**YOUR INSTRUCTIONS:**
Nothing but a verbatim copy of the data, minus the images, should be returned.

**DATASET SECTION:**
○ ○ ○ ○ ○

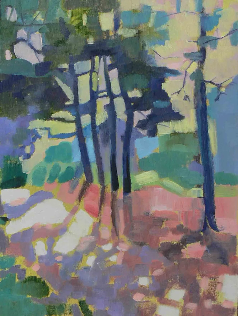When we go to the Cape, John and I give each other several hours a day to paint. I was really glad to have my painting time in the morning again this year. I had wanted to get images of trees with back-lighting and lots of shadows in the foreground. Getting up before six to catch the low sun and long shadows was perfect - if exhausting. This one will definitely inform my dream tree series, especially in the loose and abstract approach to the shadows.
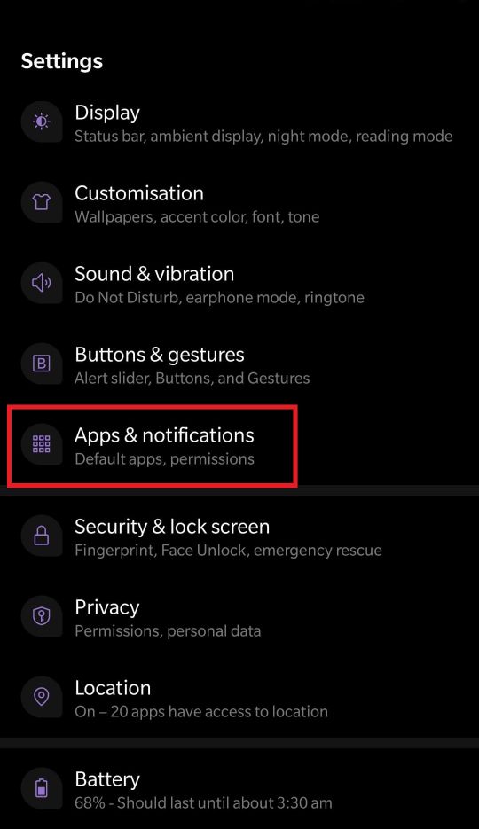 1. lépés:NyitottBeállítások elemreAndroid okostelefonján, és kattintson a gombraAlkalmazások, Alkalmazások és értesítések vagy Alkalmazásokopció.
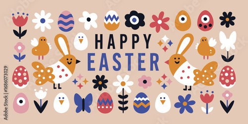 Velikonoční zvířata. Vektorové ilustrace izolovaných na bílém pozadí. Roztomilý mýval ježek jelen sova liška veverka a medvěd s malovanými velikonočními vejci, jarní květiny na přání, nálepka, tisk.

○ ○ ○ ○ ○

**YOUR SOLUTION:**
When we go to the Cape, John and I give each other several hours a day to paint. I was really glad to have my painting time in the morning again this year. I had wanted to get images of trees with back-lighting and lots of shadows in the foreground. Getting up before six to catch the low sun and long shadows was perfect - if exhausting. This one will definitely inform my dream tree series, especially in the loose and abstract approach to the shadows.
 1. lépés:NyitottBeállítások elemreAndroid okostelefonján, és kattintson a gombraAlkalmazások, Alkalmazások és értesítések vagy Alkalmazásokopció.
 Velikonoční zvířata. Vektorové ilustrace izolovaných na bílém pozadí. Roztomilý mýval ježek jelen sova liška veverka a medvěd s malovanými velikonočními vejci, jarní květiny na přání, nálepka, tisk.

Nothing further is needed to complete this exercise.